The Original Dietary Guideline:
December 2, 2022 at 4:43 p.m.
For some, the most beloved parts of the holiday season are special meals enjoyed with family and friends.
Relish such moments this season, and share them, especially with those who may be alone. These shared meals are more than the sum of their parts. The flavors of home-cooked foods and the pleasures of intellectual stimulation and social support enhance each other. And the benefits, research shows, are tangible. Enjoying meals in a social setting supports both physical and mental health.
For example, people who eat with company may eat more vegetables. The Epic-Norfolk study followed 25,000 older adults across Europe for 20 years, studying the relationships between diet, health and social ties. The study found that adults living in a partnership eat 2.3 more servings of vegetables each day than do adults living alone. Single adults who share a home with a person who is not their partner also eat more vegetables than do those living solo. This study cannot tease apart which factors in cohabitation account for this effect. But it is evidence that social ties have a nutritional benefit, and that the diets of adults living on their own are prone to suffer.
Multiple other studies have found that elders eat more food when they share mealtime with others. This is an important consideration for helping those who have diminished appetite. For example, serving dinners at a communal dining table rather than in individuals’ rooms is a simple and effective way for care facilities to improve the nourishment of their residents. Older adults who eat with company also have more diverse diets than those who eat alone.
Communal eating supports the mental health and well-being of children and adolescents, according to academic research. Those who’ve raised children probably know the value of the family dinner. Although there is little research examining this link in adults, the centrality of communal eating to human culture and experience around the world is worth remembering.
Japan and Brazil endorse communal eating in their national dietary guidelines. The U.S. dietary guidelines, jointly produced by the departments of Health and Human Services and Agriculture, are focused on the balancing and limiting of the various food groups. Japan goes further, boldly commanding “enjoy your meals” and asking Japanese people to “develop, exercise and share cooking skills.” Brazil encourages its citizens to eat in appropriate settings and whenever possible “in company, with family, friends or colleagues.”
The inclusion of social eating among Japan and Brazil’s top nutritional concerns is telling in two ways. First, it underlines the essentiality of social eating to healthy eating patterns. And second, it is an indication of how massive and global the shift toward anti-social eating habits has become.
If you enjoy the togetherness of the holidays, practice it year-round. Consider weekly lunch dates with friends, monthly potlucks with co-workers or group cooking activities. Many people offer invaluable support to ill or injured friends by bringing pre-cooked foods to their homes. This kindness could be powerfully enhanced by a simple change. Don’t just drop it off. Eat it together. Everyone benefits from the variety, nourishment and fellowship of such a meal. ❖
This article is courtesy non-profit, accredited Bastyr University (bastyr.edu), which offers multiple degrees in the natural health sciences, and clinical training at Bastyr Center for Natural Health (bastyrcenter.org), the region’s largest natural medicine clinic.
Ginger Peanut Stew
2 tablespoons olive oil
1 onion, finely chopped
¼ cup minced ginger
1 teaspoon ground coriander
½ teaspoon cayenne
1 zucchini, sliced into thin quarter moons
3 cups vegetable stock
1 (16-ounce) can diced tomatoes, with liquid
¾ cup chunky peanut butter, 100% peanut preferred
¼ teaspoon nutmeg
Salt and pepper to taste
Cilantro, chopped, for garnish
Heat oil in 4-quart saucepan over medium heat. Add the onion and ginger and cook until onion softens, stirring frequently. Add the coriander and cayenne and saute, stirring, for one minute.

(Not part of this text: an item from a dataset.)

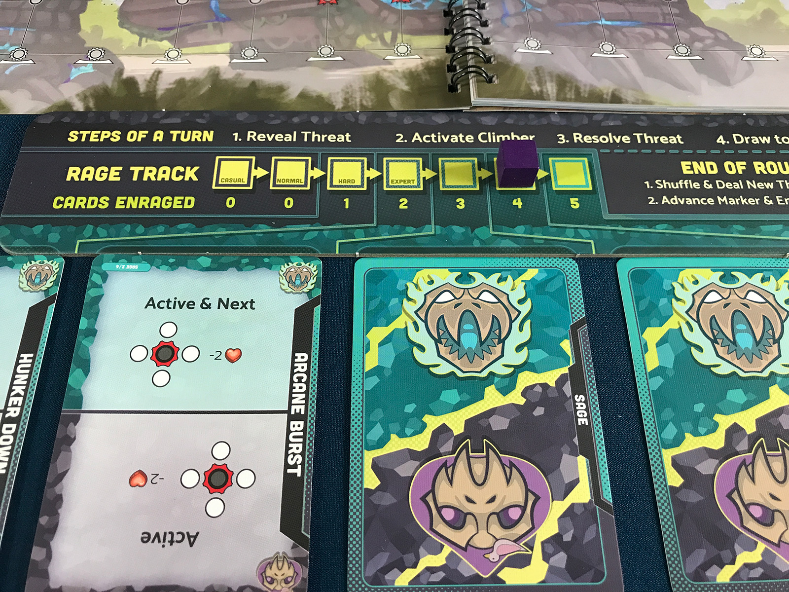 Enraged threat cards are more dangerous. In this example, both climbers may lose health instead of just one of them.

Once the spices are fragrant, add zucchini, vegetable stock and canned tomatoes. Bring soup to a boil, reduce to a simmer, and cover. Cook, stirring occasionally, until the zucchini and tomatoes are tender, about 15 minutes.
Add peanut butter and nutmeg and whisk to combine. Simmer a few minutes more, then add salt and pepper to taste. Serve, garnished with chopped cilantro.
To reheat, first stir in an additional ½ cup vegetable stock or water. Then bring to a simmer on the stovetop.